Toetsing: Met betrekking tot de operationele rampenbestrijding is rekening gehouden met een groot aantal mogelijke problemen die zouden kunnen optreden, samen met de oplossingen voor deze problemen. Dat hierbij niet alle problemen zijn getackeld is in paragraaf 5.3 besproken, verschillende mogelijke problemen en processen zijn niet uitgewerkt in het rampbestrijdingsplan. Ook bestaat de kans dat een aantal organisaties hun taken volgens het rampbestrijdingsplan niet kunnen uitvoeren zoals dat beschreven staat. In het maatscenario wordt uitgegaan van grote aantallen slachtoffers. Hiervoor zijn 300 ambulances nodig. De vraag is of deze hoeveelheid op korte termijn gemobiliseerd kan worden, mede ook de richtlijn dat de zwaarst gewonde slachtoffers binnen een uur geholpen dienen te worden. De kans is dus groot dat de geneeskundige hulpverlening niet in staat zal zijn om volgens het rampbestrijdingsplan te werken. Dit argument zou trouwens veel minder opgeld doen als er alleen gekeken was naar het maatscenario uit de leidraad vliegtuigongevallen op luchtvaartterreinen. Hierbij zijn namelijk "maar" 75 ambulances noodzakelijk. Ook de brandweer kan bij een ramp geconfronteerd worden met een situatie die zij niet aankan. Bij een treinbotsing met brand in de tunnel kan de situatie zich voordoen dat de brandweer door de grote hitte en rookontwikkeling, niet of nauwelijks in staat zal zijn om op te treden. Hierdoor zou de redding van personen dus twijfelachtig worden. Alhoewel deze mogelijkheid dus niet ondenkbaar is, wordt hieraan in het rampbestrijdingsplan Schiphol geen aandacht gegeven en wordt dus de indruk gewekt dat de brandweer altijd haar taken (in dit geval redding en blussing) zal uitvoeren. De gevolgen van het niet kunnen uitvoeren van deze taken zullen zeer groot zijn. Alhoewel bij de voorbereiding op rampen op Schiphol nergens expliciet wordt vermeld dat kwaliteit over het algemeen belangrijker is dan snelheid, is dit impliciet wel het geval. In alle operationele procedures en werkwijzen is een vorm van verkenning altijd aanwezig.
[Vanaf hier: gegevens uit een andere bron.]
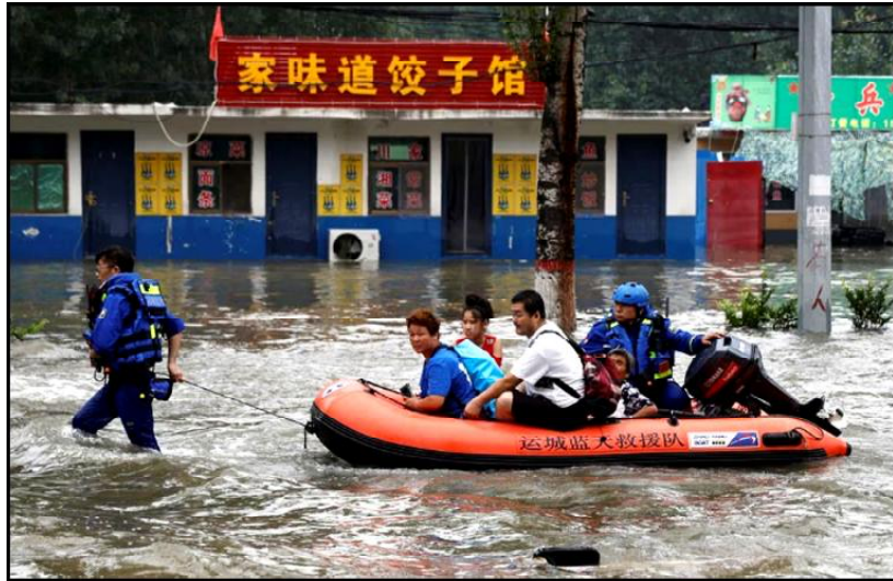
Rescue workers from Shanxi province evacuate people through floodwaters with a boat after the rains and floods brought by remnants of Typhoon Doksuri, in Zhuozhou, Hebei province, China.

It is unclear if Qin, who would be qualified to holiday at Beidaihe with the leadership since he retains the title of state councillor, will turn up. Qin has not been seen in public since June 25. One of Xi's last tasks before going on vacation was to instruct emergency responders to work harder at rescuing those affected by floods battering northern China as a result of Typhoon Doksuri. At least 100,000 people in the province where Beidaihe is located have been evacuated, but the resort itself has not been affected. Since the founding of the people's republic, current and retired party and government leaders have gathered for summer vacations at Beidaihe, 3-1/2 hours east of Beijing by car.

Op grond van de resultaten hiervan zullen personen en materieel worden ingezet. Bij voorlichting wordt gesproken over het streven naar een eerste persconferentie door onder meer de burgemeester na (pas) drie uur. In deze drie uur kan in ieder geval behoorlijk veel informatie worden verzameld.
27
5.10
Wetenschappelijk onderzoek
Theorie: De voorbereiding op rampen kan in principe nooit beter zijn dan de kennis die hiervoor voorhanden is. Het is dus belangrijk om zoveel mogelijk kennis op te doen. Hierbij moet worden opgepast dat er niet uit wordt gegaan van verkeerde aannames over het gedrag van mensen en organisaties tijdens rampen en crises. Hiervoor is al genoemd dat er over het algemeen weinig noodzaak is voor massale opvangcentra (zoals bijvoorbeeld sporthallen) bij rampen. Uit de praktijk blijkt dat een groot deel van de bevolking bij crises zelf op zoek gaat naar onderdak bij bijvoorbeeld vrienden of familie. Andere mispercepties over het gedrag van mensen bij gevaar of crises behelzen paniek, sociale onrust en passiviteit van de bevolking. Uit onderzoek blijkt dat verhalen over grootschalige paniek, plunderingen en apathie van de bevolking bij rampen niet of nauwelijks voorkomen. In plaats daarvan blijken mensen onder buitengewone omstandigheden over het algemeen juist rationeler, meer altruïstisch dan egoïstisch of crimineel, en goed in staat om beslissingen te nemen. Net zoals er mythes zijn over het gedrag van mensen onder bijzondere omstandigheden, zijn er ook verkeerde aannames over het gedrag van organisaties.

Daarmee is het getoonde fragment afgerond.